Steven never dreamed his first job out of college would be in public relations, and on top of that working for one of the top museums in the country. After all, he majored in History at Vassar College. Within three months of graduation, he landed a spot in the PR department and has not looked back since. He is fast becoming a communications fanatic, spending a tremendous amount of his time promoting the museum and all it has to offer.

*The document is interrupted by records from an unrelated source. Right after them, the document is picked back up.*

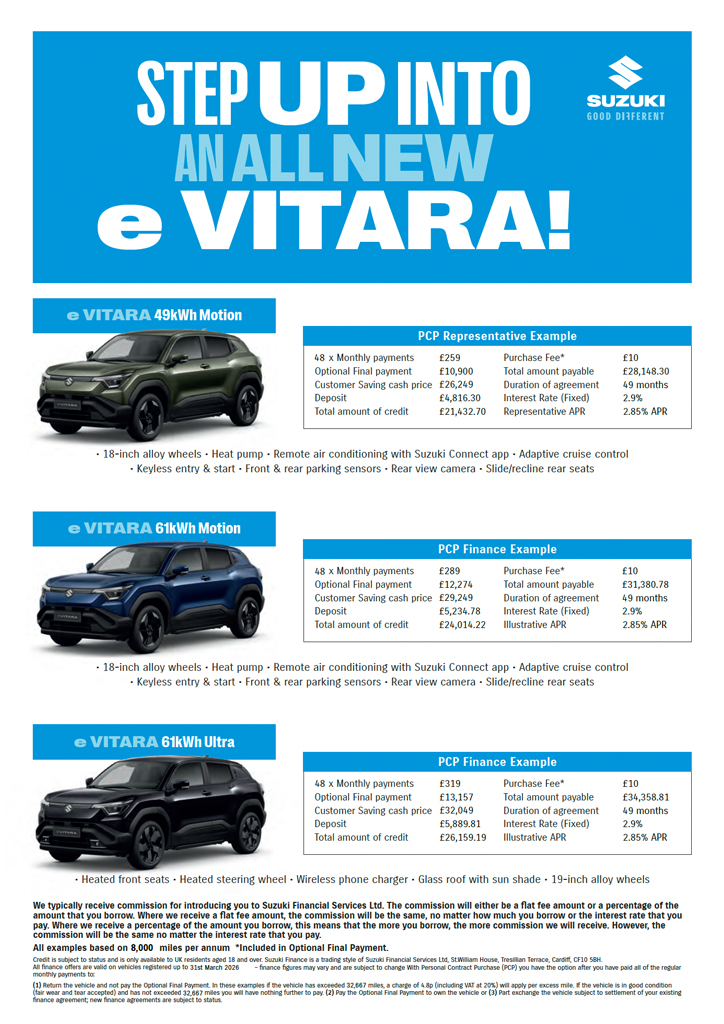 Suzuki financial service representative examples are based on Hire Purchase finance example, HP & PCP Quotes available upon request.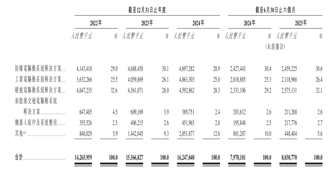 卧龙的营收结构最新的得看他港股的招股说明书,24年营收162.47亿,25年上半年营收约80.31亿。按最新招股说明书的分类法,主要分为防爆电驱动系统解决方案、工业电驱动系统解决方案、暖通电驱动系统解决方案、新能源交通电驱动系统解决方案和机器人组件及系统应用,共五大类。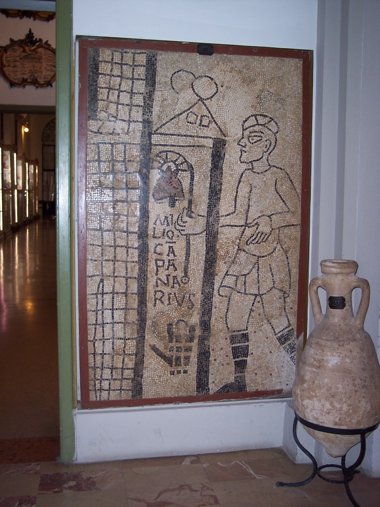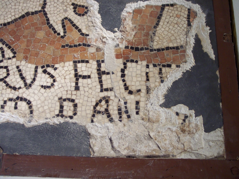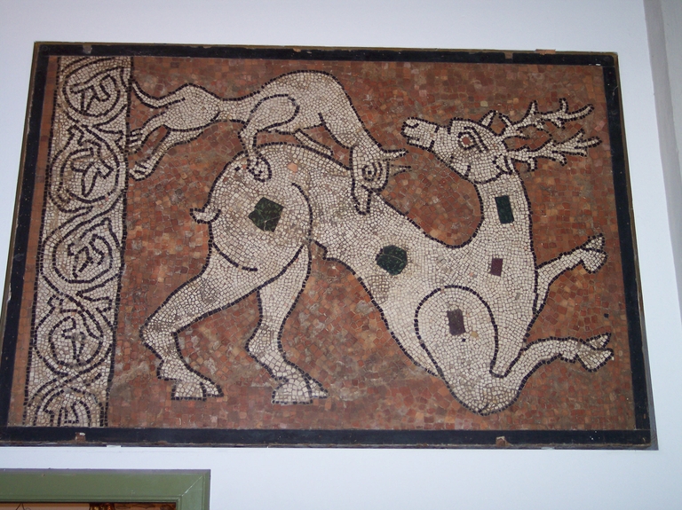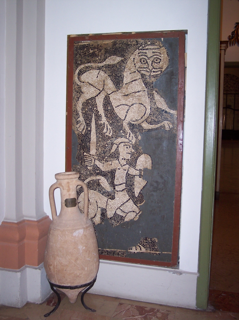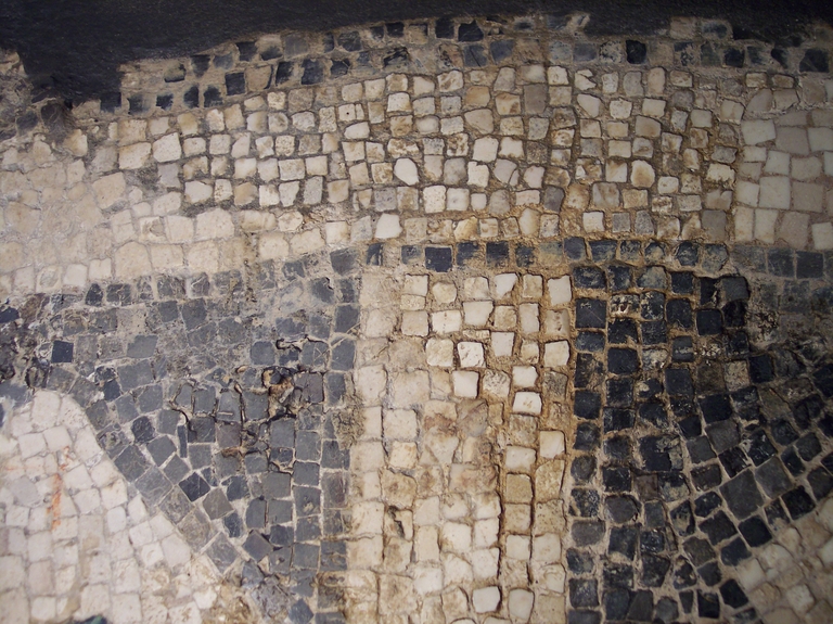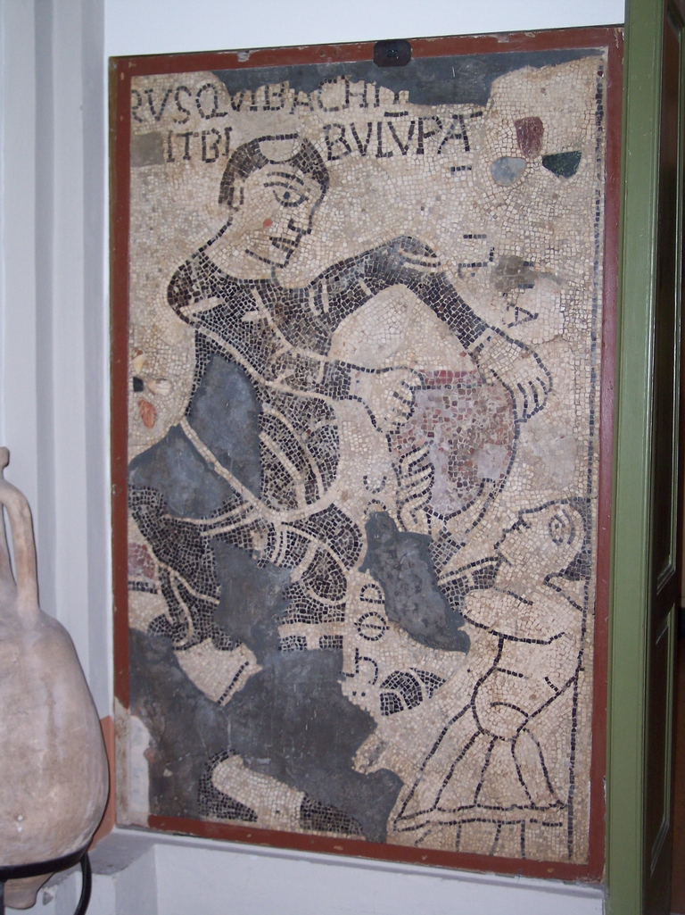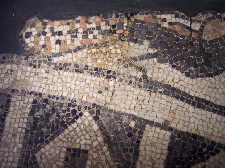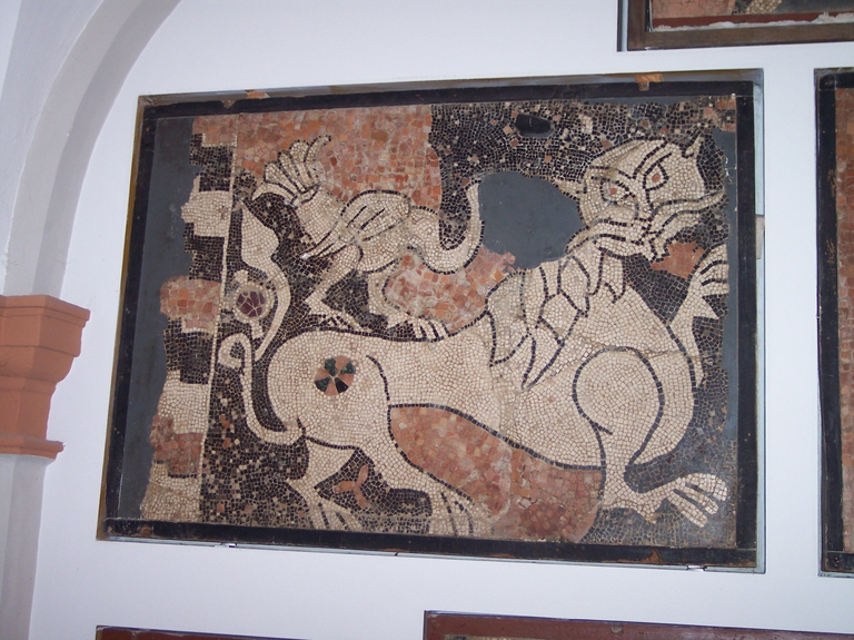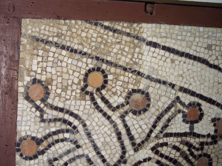 •Integrazione delle lacune dei tessellati con malta di calce aerea addizionata di polveri di marmo colorate, con l’aggiunta di una piccola percentuale di resina acril33; concordato con la DL che l’aspetto finale fosse finalizzato a conservare l’effetto estetico della esposizione ottocentesca. Tolte le vecchie stuccature lucide di colore nero, probabilmente applicate mezzo secolo dopo la prima presentazione, esse sono state sostituite con stuccature sempre di tono piuttosto scuro ma di aspetto opaco, non condotte sottolivello come abbiamo fatto per i mosaici della nuova ala romana dello stesso museo, ma portate pari alla superficie del tessellato come le aveva pensate il Chierici.
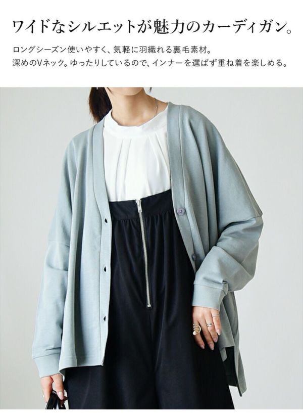 トップス カーディガン カーデ レディース Vネック スウェット 裏毛 ワイド 羽織り 羽織 長袖 ゆったりサイズ ゆったり 楽ちん 体型カバー スリット 前後差 抜け感 重ね着 レイヤード 無地 シンプル カジュアル 大人可愛い スモークブルーカーキ ナチュラル 杢グレー ブラック 黒 白 秋 冬 24aw AW, M-L andit_ and it_ andit ANDIT_ ANDIT あんどいっと アンドイット 新作 NEW カジュアル ナチュラル きれいめ 大人可愛い 大人女子 お洒落 トレンド シンプル ニュアンス プチプラ ファッション レディースファッション 20 30 40 50 20代 30代 40代 50代

3 responses to “Forgotten Gateway: Coming to America through Galveston Island”

  1. Jan Johnson says:

    This was a wonderful exhibit at the Houston Museum of Natural History!! Full of interactive displays, audio from diaries and letters, memories, vintage brochures and photographs, it brought the lives of immigrants — choice or forced — to life. I took 5 pages of notes and spent 2.5 hours enjoying this presentation. I even left a little information about my grandfather’s family, originally from Germany and a few by way of the Court of Maximillian in Mexico.
    I would love the opportunity to participate in one of these projects — especially those that deal with Galveston Island!

  2. Erin F says:

    Hi Jan! So glad to hear you enjoyed the exhibit 🙂

  3. Beverly Galler says:

    How I wish we could see this exhibit! My husband’s people came from Germany to Galveston port in 1867. I’m looking at a bird’s-eye map of 1871 that includes the port, which I’d paste here if I could. There are so many buildings along the port, and we’re wondering which ones immigrants went to. Do you know how we can learn which building was for the immigrants? We’re putting a booklet together for a family reunion, and would appreciate any information you have.